• _Information provided_:
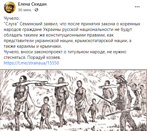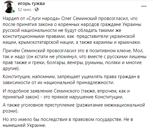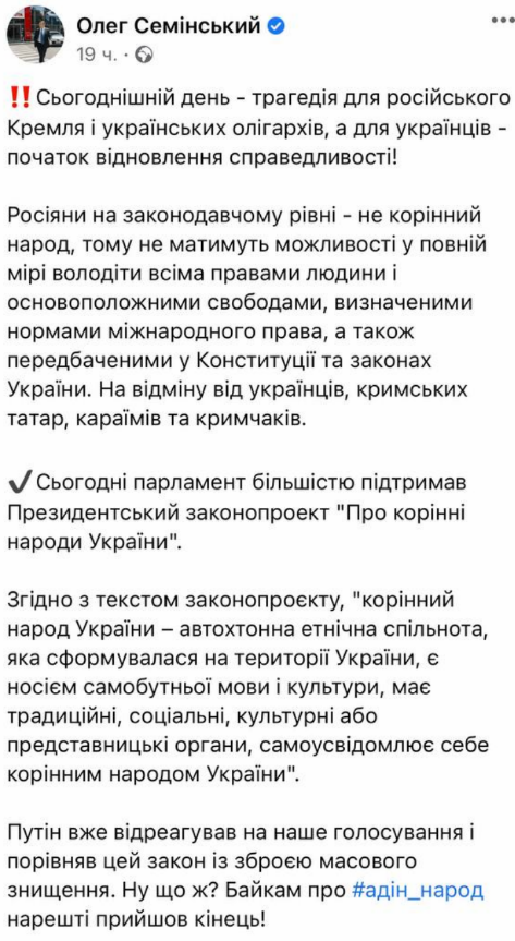 "Нардеп от "Слуги народа" Олег Семинский провозгласил, что после принятия закона о коренных народов граждане Украины русской национальности не будут обладать такими же конституционными правами, как представители украинской нации, крымскотатарской нации, а также караимы и крымчаки.
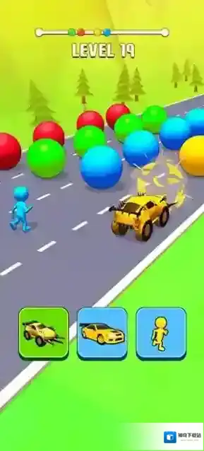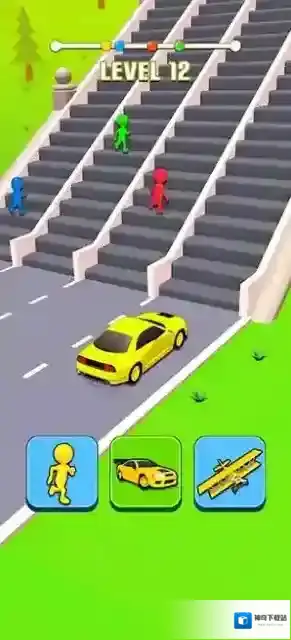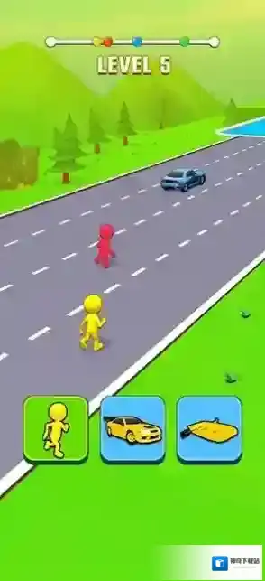 2、Level1中,按箭头选人物形态(黄色小人),控制角色在道路奔跑,避开障碍,追赶对手。
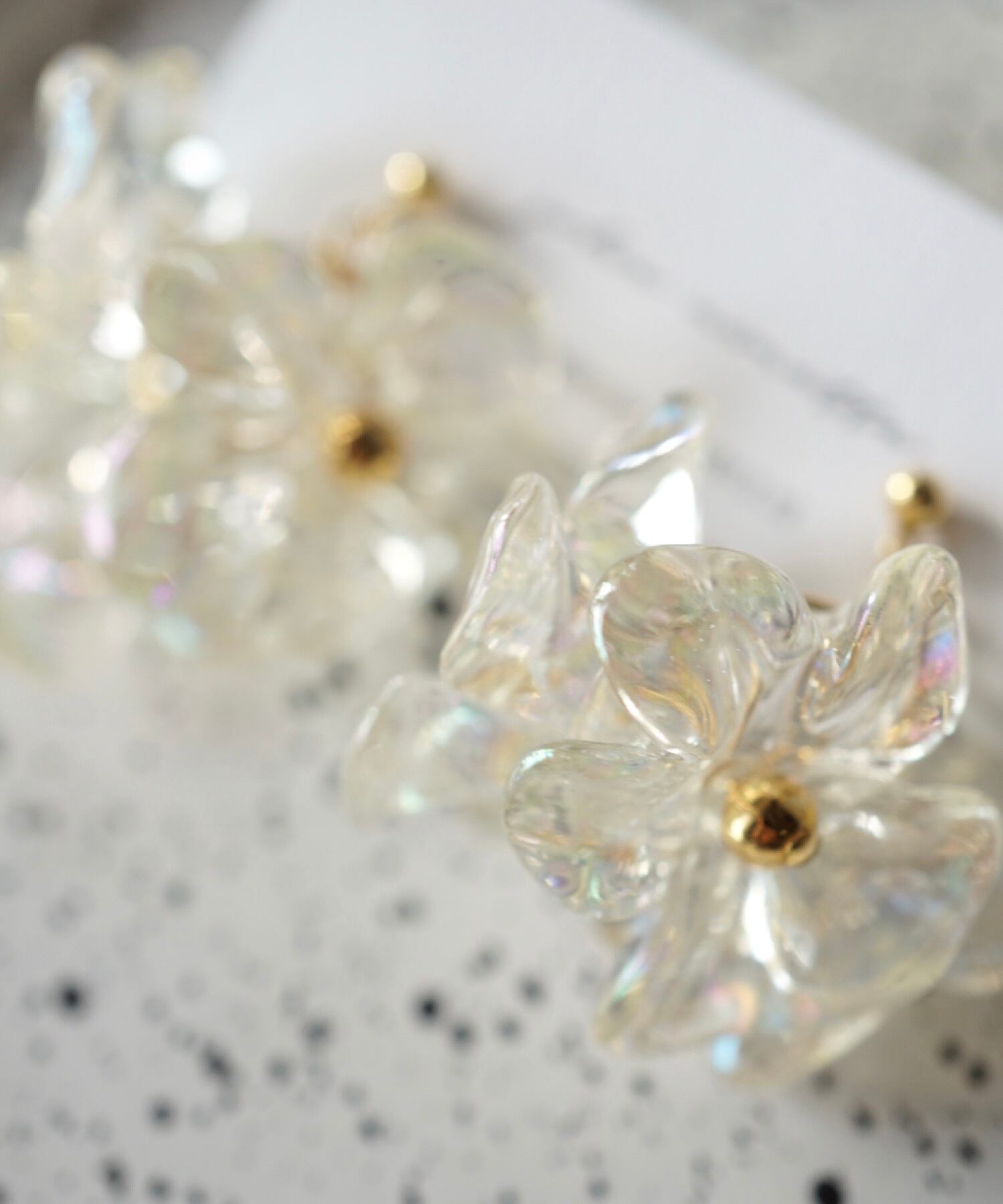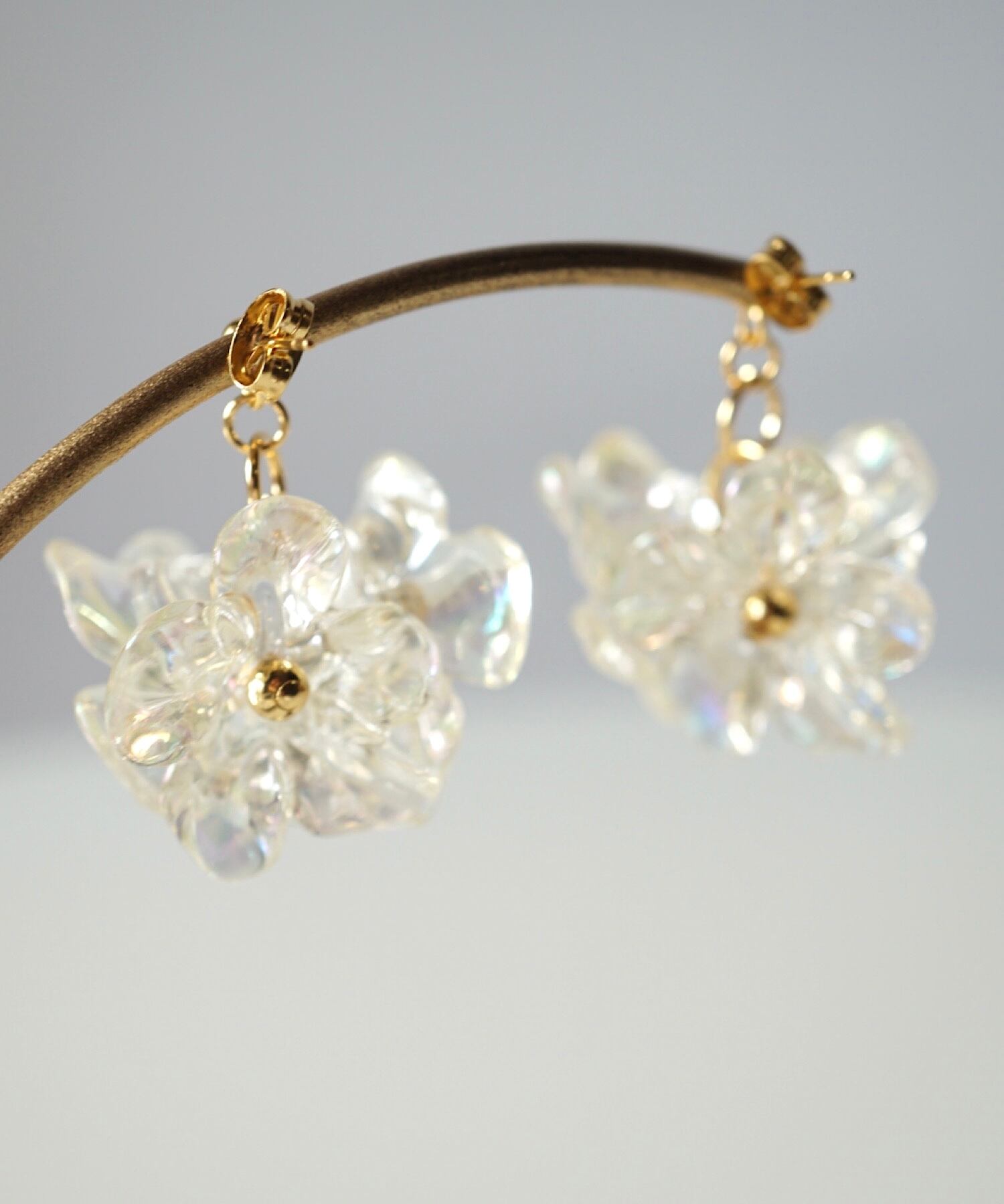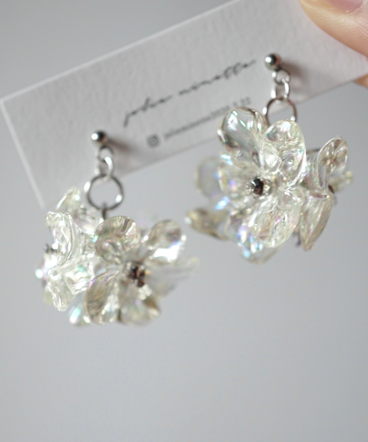 耳元に揺れるお花がコーディネートを華やかに彩ります。

• _Work to be completed_: The material above should be printed again exactly, with each picture left out.

• _Response for this exercise_:
 "Нардеп от "Слуги народа" Олег Семинский провозгласил, что после принятия закона о коренных народов граждане Украины русской национальности не будут обладать такими же конституционными правами, как представители украинской нации, крымскотатарской нации, а также караимы и крымчаки.
 2、Level1中,按箭头选人物形态(黄色小人),控制角色在道路奔跑,避开障碍,追赶对手。
 耳元に揺れるお花がコーディネートを華やかに彩ります。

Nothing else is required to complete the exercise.